The exiting staff members will continue to work at the $25 billion endowment for the next several months. The spokesperson described these soon-to-be ex-employees as “part of a very successful investment team.”

SMC’s returns ranked ninth in 2014 and tenth over the last three years, behind Yale, Notre Dame, Princeton, Columbia, and others.

Wallace joined SMC after what sources described as an extremely competitive search process to replace former President and CEO John Powers. Prior to his current role, Wallace served as CEO and CIO of London-based family office Alta Advisers. He began his asset management career interning at the Yale Investment Office, later transitioning to a full-time senior associates role. 

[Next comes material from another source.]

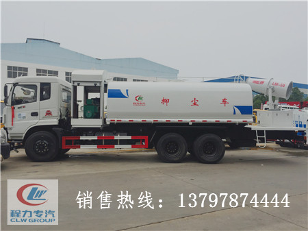 抑尘车,也被称为“PM2.5治理车”、雾霾治理车、喷雾车、绿化喷洒车、降压除尘车,后工作平台上所带的风送式喷雾炮筒,风力强劲、射程高、穿透性好,上下左右采用遥控操作(可在驾驶室内操作),安全方便。 程力专用汽车股份有限公司,多功能抑尘车是集绿化洒水和喷雾抑尘于一体,主要用于治理雾霾、PM2.5、秸秆燃烧等空气中的悬浮颗粒,是各环卫部门、园林绿化、社区广场、工业建筑等场地除霾压尘的车型,同时该车也可用于道路冲洗、树木浇灌、喷洒农药、温水运输、应急消防等。

“Rob is a proven investor and senior manager, who brings experience in international investment management as well as a deep understanding of universities,” SMC board chair Bruce Dunlevie said in announcing his appointment. “We are so pleased to have him lead the Stanford Management Company.” 

“There’s a lot of peer-to-peer competitiveness in the endowment world.” 

This staff cull is not the first episode of internal upheaval at SMC in recent years. In 2010, the endowment hired former Hewlett-Packard CIO and Stanford alumnus Ken Frier to serve as CIO. The job had been open for 30 months when Frier signed on, replacing a CIO who had left after a year and a half. Frier lasted 10 months. 

“There’s a lot of peer-to-peer competitiveness in the endowment world,” Frier told CIO in 2013. “When you’re the CIO of Hewlett-Packard and sharing results with your board—and we had always done very well—no one ever asks, ‘How did the IBM retirement plan do?’”

Stanford’s endowment—the fourth-largest in North America—has marginally outperformed the typical $1 billion-plus post-secondary fund over the last several years. SMC returned 16.8% in the 2014 fiscal year, topping its broader peer group by 30 basis points, according to NACUBO-Commonfund figures. Its 9.8% three-year gains showed the same spread, and over five years SMC has out-earned the group by 100 basis points. 

SMC benchmarks itself against a narrower group of mostly Ivy League funds, sources said. Its earnings ranked ninth in 2014 and tenth over the last three years, behind Yale, Notre Dame, Princeton, Columbia, and others.  

Wallace said in March that he was “delighted to join SMC and the Stanford community,” describing the endowment as a critical resource. 

Replacements for the outgoing staff have not been revealed. 

The Stanford spokesperson’s statement to CIO is reproduced in full below. 

While the university and the Stanford Management Company do not speak in detail to internal personnel matters, it is not unusual for staff changes to occur following a transition in leadership in an investment organization. Several employees are leaving the Stanford Management Company. They have been part of a very successful investment team and will continue to work with SMC over the next several months. SMC’s CEO, Rob Wallace, has been working since March on an investment strategy that places different demands on the organization.